Умственная жизнь 1830-х годов пестра и запутанна. Романтизм в эту пору охватил самые широкие круги – от академических, где он процветал на почве пристального изучения современной философии, до обывательских, превративших романтизм в бездумную и эффектную моду. Зыбкости границ между «романтизмами» разного уровня способствовала эклектичность 30-х годов. Молодежь уже воспринимает романтическое наследство в его совокупности. Она одновременно приемлет Пушкина и Марлинского, Жуковского и Рылеева, Байрона, Шиллера, Гюго. Тогда как для людей предыдущего поколения все это явления не только различные, но нередко несовместимые, враждебно противостоящие. Противоречивое время предлагает молодому поколению на выбор разные образы эпохальной личности. Это и демонический герой, в котором живы традиции революционного романтизма (Полежаев, Лермонтов); он имел свой вульгарный вариант, увековеченный Лермонтовым в Грушницком. Это и шеллингианский возвышенный поэт, знаменующий последекабристский поворот к «абсолютному» и трансцендентному. К этим разновидностям романтического образа присоединяются его модификации, образующиеся на почве новых философских и социологических увлечений. Так, в романтической эпистолярной «поэме», которую представляет собой переписка молодого Герцена с невестой, строится образ, сочетающий «демонизм» с социально-утопическими мечтаниями.

Социально-утопические предпосылки перестроили демоническую тему молодого Герцена. Герой его демоничен не потому, что такова его метафизическая сущность, но потому, что к этому его привели социальная несправедливость, враждебность «толпы», преследования власти, разлука с любимой и т. д. Устраните эти причины – и вы вернете героя гармонии. Но для этого нужно изменить действительность.

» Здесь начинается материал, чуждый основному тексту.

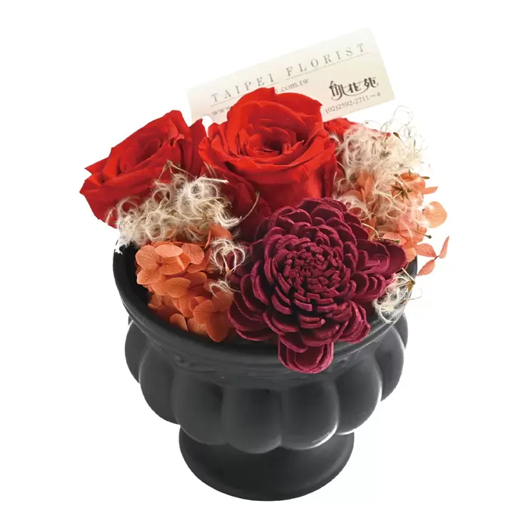 - 輕巧的黑色小花器,將永生紅玫瑰的經典之美凝結於此。小巧精緻的設計,讓每一個美好的時刻都能被珍藏。

Такова в 30-х годах одна из философских модификаций романтического образа. Другую философскую модификацию предстояло создать Бакунину вскоре после того, как он приобщился к современному романтизму.

Еще в свой «дофилософский» период, в январе 1834 года двадцатилетний Бакунин пишет сестрам о пережитой им «интеллектуальной революции» и о том, что он «принял окончательное решение» относительно своего будущего, о разочаровании в «свете» и о том, что познание является единственной достойной человека целью. Эта туманная схема обретет содержание позже, вместе с тем философским романтизмом, с которым в 1835 году Бакунин познакомился в кругу Станкевича и его друзей. И вот тогда молодой Бакунин начинает строить свою новую личность, образ воинствующего искателя ценностей духа и проповедника философских идей.

Русские люди 1830–1840-х годов, как известно, весьма самобытно воспринимали немецкую философию, подчиняя ее запросам собственной умственной жизни. К Бакунину это относится еще в большей мере, чем, скажем, к более академическому Станкевичу.

После малоуспешных попыток овладеть философией Канта Бакунин сразу переходит к Фихте; притом это Фихте, представленный не главными своими произведениями («Наукоучение», «О назначении человека»), но поздним трактатом «Наставление к блаженной жизни», в котором речь шла о том, что жизнь есть непрестанное стремление к блаженству, а также о единстве жизни, блаженства и любви. Учение Фихте о любви было подхвачено и по-своему истолковано участниками кружка Станкевича в пору их напряженных этических раздумий. В этой самобытной трактовке оно многое определило в миропонимании Станкевича и на время увлекло Белинского. Для Бакунина же дело было не только в этом; в учении и в облике Фихте его привлекают патетические и проповеднические черты. Основой его позиции становится своеобразный мессианизм.